Task requirements: Would you please repeat, word for word, only the lines from the one holding "防灌水机制安全级别:「简单模式」 和 「高级模式」" through the one holding "勃肯鞋纯原桑坡半拖真皮男女2024冬厚底加绒包头半拖雪地鞋棉拖鞋" in the material below, without the pictures?

Records for processing:

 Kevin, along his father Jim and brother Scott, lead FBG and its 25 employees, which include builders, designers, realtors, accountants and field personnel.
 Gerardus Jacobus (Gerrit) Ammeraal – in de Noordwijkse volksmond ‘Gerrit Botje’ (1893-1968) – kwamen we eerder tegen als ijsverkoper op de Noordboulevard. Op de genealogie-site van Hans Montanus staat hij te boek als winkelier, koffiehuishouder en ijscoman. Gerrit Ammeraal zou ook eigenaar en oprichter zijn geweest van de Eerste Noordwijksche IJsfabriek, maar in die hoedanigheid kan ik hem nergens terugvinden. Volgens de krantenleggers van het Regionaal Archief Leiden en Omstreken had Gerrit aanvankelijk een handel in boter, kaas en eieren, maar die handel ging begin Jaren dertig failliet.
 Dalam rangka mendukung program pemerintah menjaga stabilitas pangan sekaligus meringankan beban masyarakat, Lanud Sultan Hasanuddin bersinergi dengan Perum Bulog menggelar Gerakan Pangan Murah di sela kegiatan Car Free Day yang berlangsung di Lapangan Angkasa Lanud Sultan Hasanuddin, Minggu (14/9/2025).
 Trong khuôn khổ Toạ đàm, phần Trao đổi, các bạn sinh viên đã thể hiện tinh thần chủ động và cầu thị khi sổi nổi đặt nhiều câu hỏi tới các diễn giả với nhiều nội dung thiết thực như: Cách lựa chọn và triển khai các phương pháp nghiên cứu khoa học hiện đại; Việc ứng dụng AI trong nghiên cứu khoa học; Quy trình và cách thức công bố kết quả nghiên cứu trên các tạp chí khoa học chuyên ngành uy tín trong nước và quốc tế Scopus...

* * *

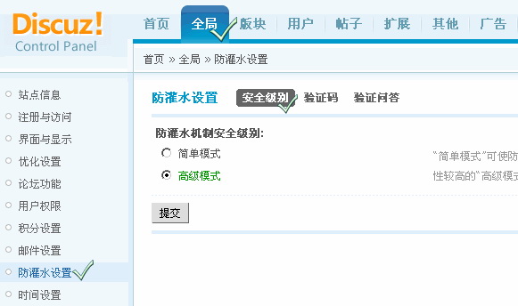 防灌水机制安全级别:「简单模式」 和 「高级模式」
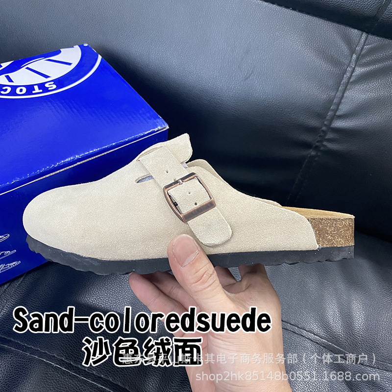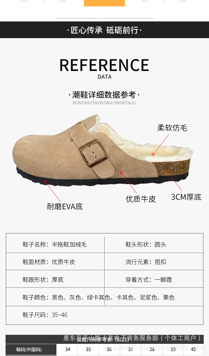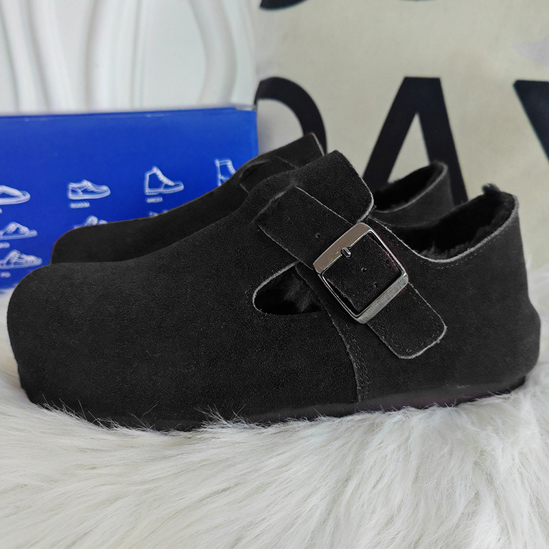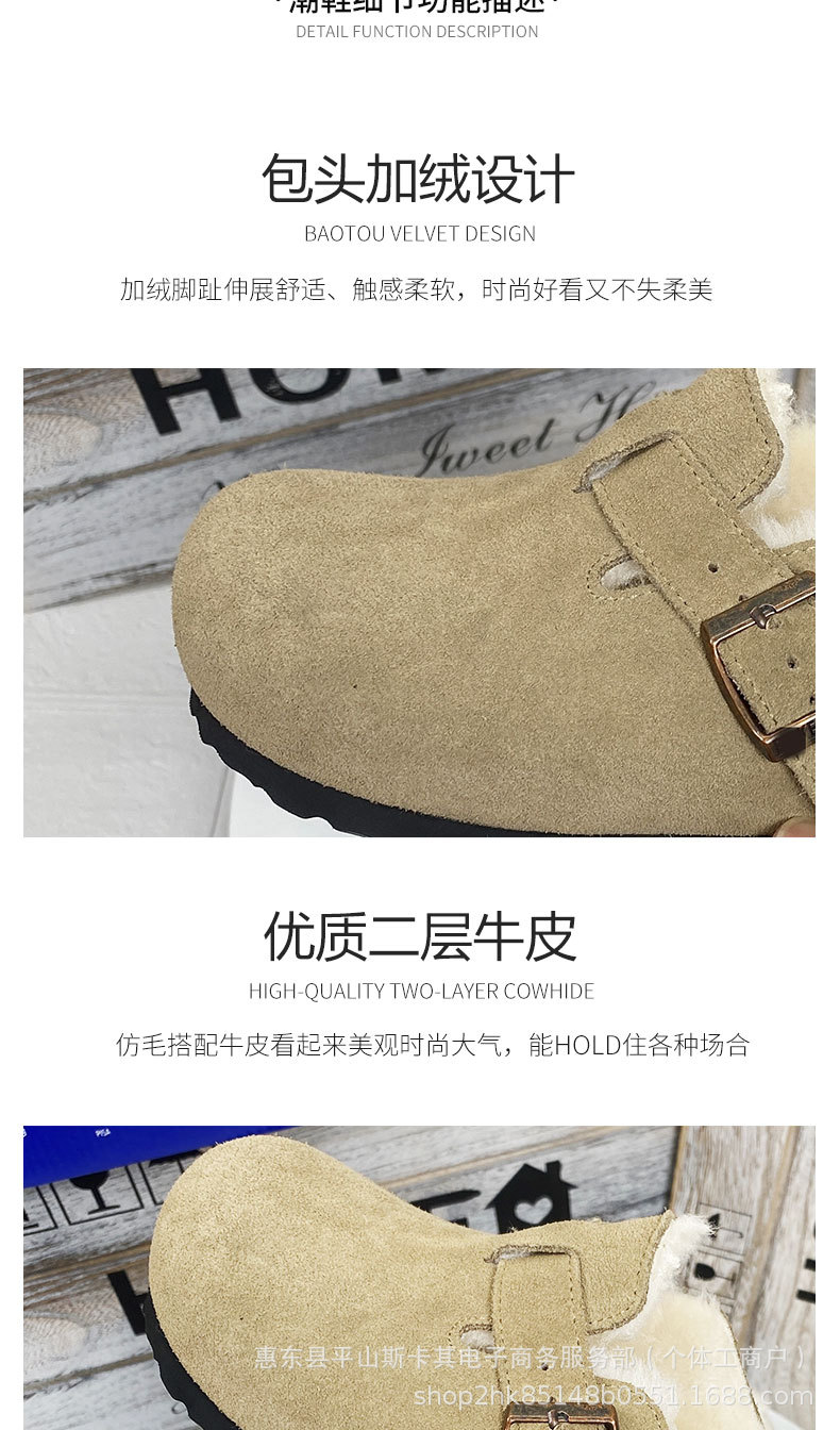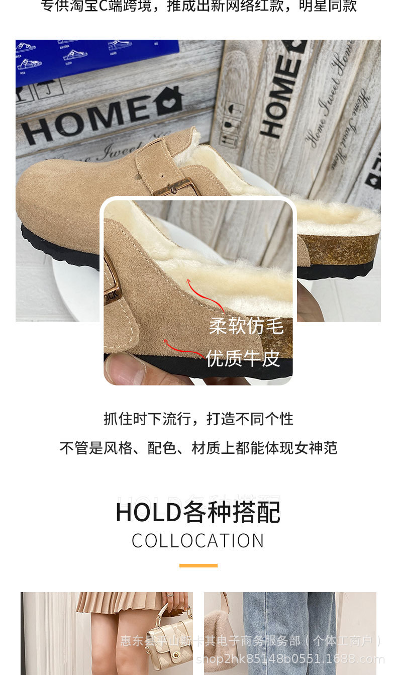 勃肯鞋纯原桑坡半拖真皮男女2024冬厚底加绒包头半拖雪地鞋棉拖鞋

Response:
 防灌水机制安全级别:「简单模式」 和 「高级模式」
 勃肯鞋纯原桑坡半拖真皮男女2024冬厚底加绒包头半拖雪地鞋棉拖鞋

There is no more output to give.